### WHAT YOU NEED TO DO
Exclude the pictures, then repeat exactly each line from the one containing "نانو مستربچ جاذب" to the final line of the records that follow.

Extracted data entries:
────────────────
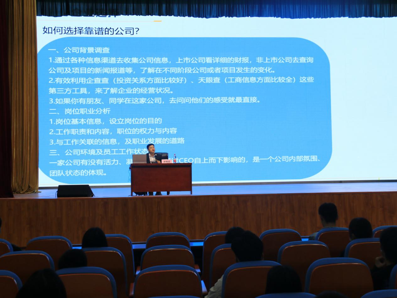最后,宋春磊老师对大家进行相关的就业指导。他从如何选择企业、避免就业陷阱、三方协议填写、顶岗实习注意事项、面试技巧、专升本注意事项等方面向大家做了详细的介绍。同时,宋春磊老师强调了顶岗实习期间,大家应增强人身安全、交通安全以及求职诈骗等各类安全防范意识谨防上当受骗。
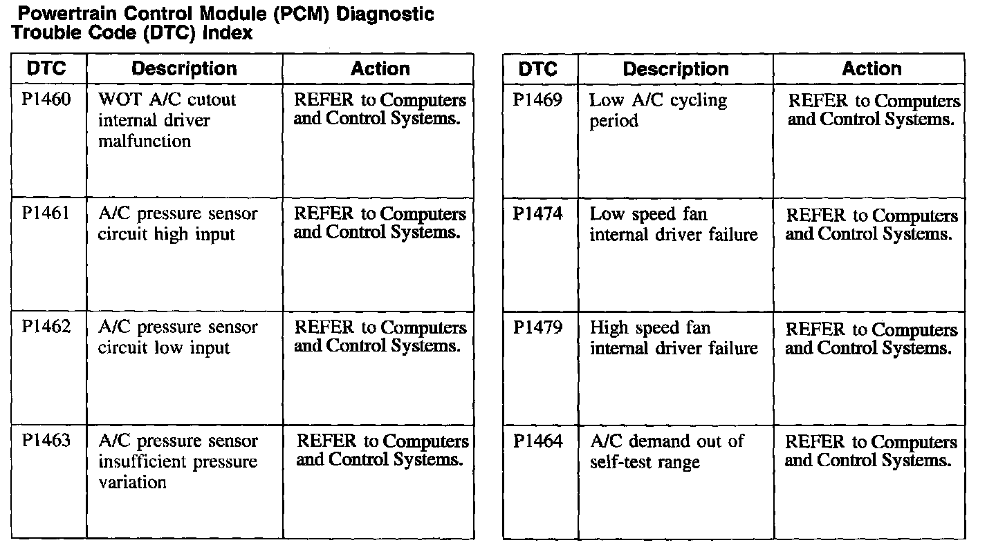 Powertrain Control Module (PCM) Diagnostic Trouble Code Index
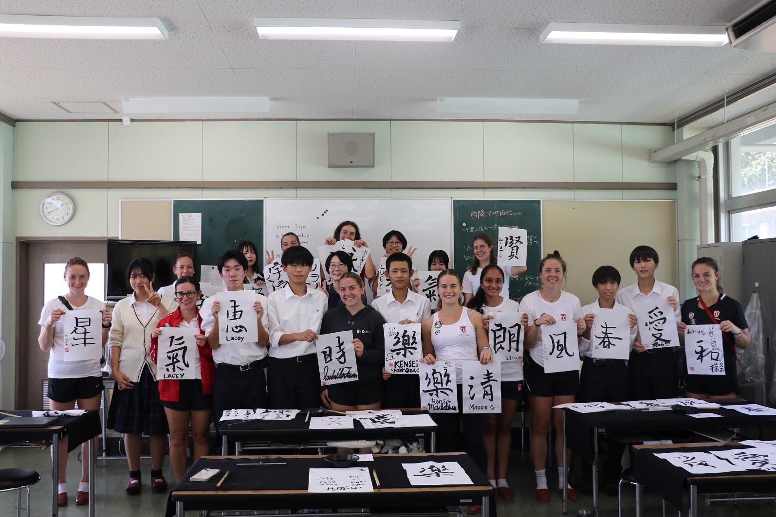 カナダチームは、トレーニングの後、瀬戸南高等学校において、書道と体育の授業に生徒と一緒に取り組みました。
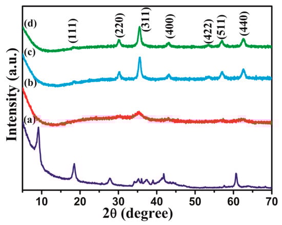XRD patterns of (a) Ti3C2Tx MXenes, (b) precursor of 2 wt.% Ti3C2Tx/NiZn ferrite, precursors hydrothermally treated at 200 °C for 2 h: (c) Ni0.5Zn0.5Fe2O4, (d) 2 wt.% Ti3C2Tx/NiZn ferrite.
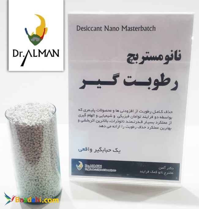نانو مستربچ جاذب رطوبت قویترین افزودنی خشک کن یا به اصطلاح رطوبت گیر در کشور می باشد که به منظور حذف کامل رطوبت از افزودنی ها و محصولات پلیمری به واسطه دو فرآیند توامان فیزیکی و شیمیایی و الهام گیری از عملکرد بسیار قدرتمند نانو ذرات بالاترین اثر بخشی و بهترین عملکرد حذف رطوبت و رفع کلیه نواقص لنز شدگی , ايجاد تاول ، ایجاد حفره , لک شدگی , سوراخ شدگی و پارگی , طراحی و تولید می گردد . برای اولین بار در کشور دارای ثبت اختراع انحصاری محصولی از برند دکتر آلمن ( شرکت دانش بنیان نانو بسپار فکور ) WWW.Dr-ALMAN.COM شماره تماس دفتر شیراز 071-32232482 071-32232483 شماره تماس دفتر تهران 021-54032289 www.instagram.com/DR.ALMAN.CO ALMAN DRY (Desiccant Nano Masterbatch) "Made by "Dr ALMAN The Leader in Hightech Nanopolymers
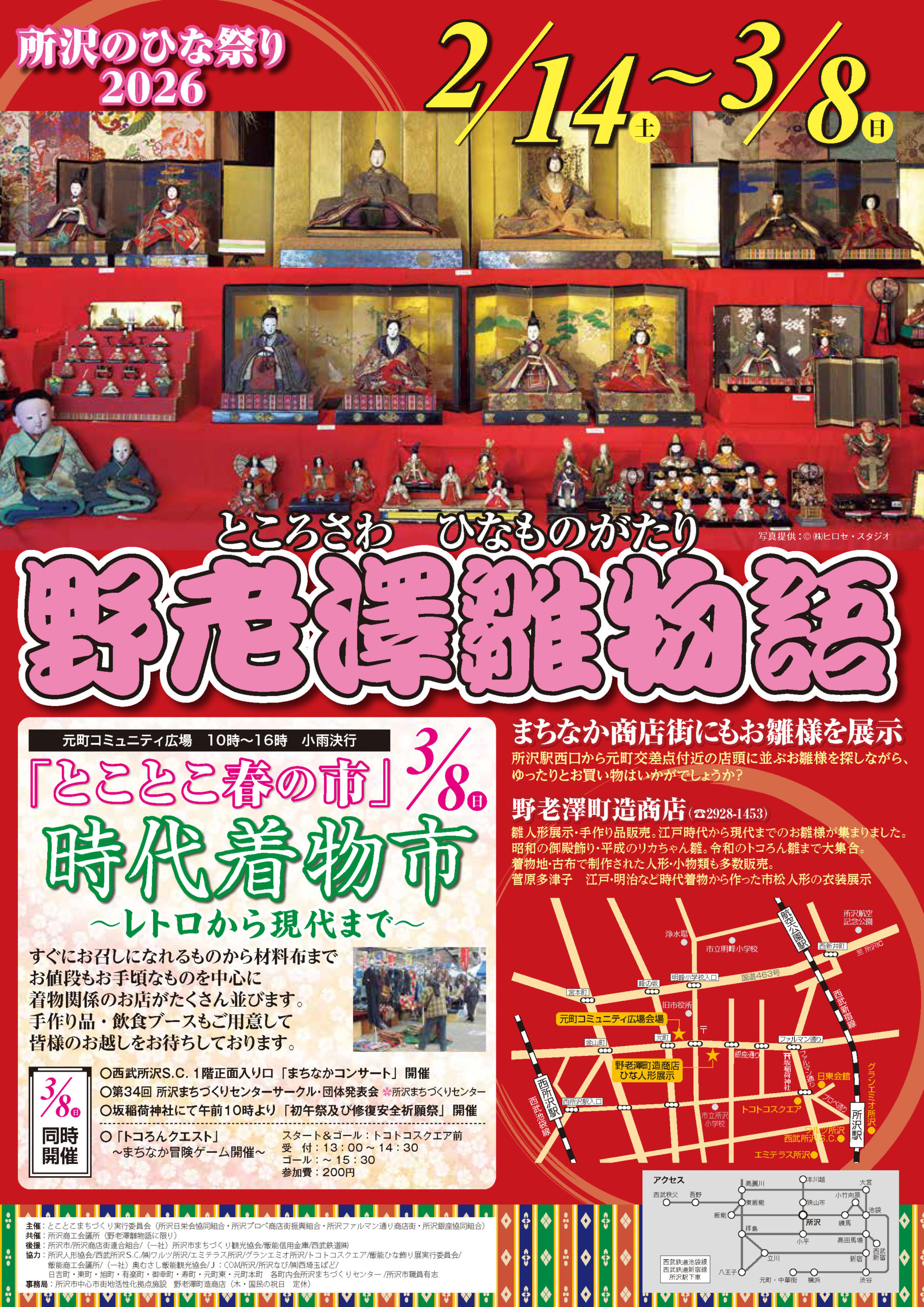 期間中は、所沢駅西口から元町交差点付近にかけて、協力店舗の店頭にお雛様が登場。とこぎん(所沢銀座商店街)の各店でも、まち歩きが楽しくなる“ひな飾り”で皆さまをお迎えします。
────────────────
### EXERCISE RESPONSE
نانو مستربچ جاذب رطوبت قویترین افزودنی خشک کن یا به اصطلاح رطوبت گیر در کشور می باشد که به منظور حذف کامل رطوبت از افزودنی ها و محصولات پلیمری به واسطه دو فرآیند توامان فیزیکی و شیمیایی و الهام گیری از عملکرد بسیار قدرتمند نانو ذرات بالاترین اثر بخشی و بهترین عملکرد حذف رطوبت و رفع کلیه نواقص لنز شدگی , ايجاد تاول ، ایجاد حفره , لک شدگی , سوراخ شدگی و پارگی , طراحی و تولید می گردد . برای اولین بار در کشور دارای ثبت اختراع انحصاری محصولی از برند دکتر آلمن ( شرکت دانش بنیان نانو بسپار فکور ) WWW.Dr-ALMAN.COM شماره تماس دفتر شیراز 071-32232482 071-32232483 شماره تماس دفتر تهران 021-54032289 www.instagram.com/DR.ALMAN.CO ALMAN DRY (Desiccant Nano Masterbatch) "Made by "Dr ALMAN The Leader in Hightech Nanopolymers
 期間中は、所沢駅西口から元町交差点付近にかけて、協力店舗の店頭にお雛様が登場。とこぎん(所沢銀座商店街)の各店でも、まち歩きが楽しくなる“ひな飾り”で皆さまをお迎えします。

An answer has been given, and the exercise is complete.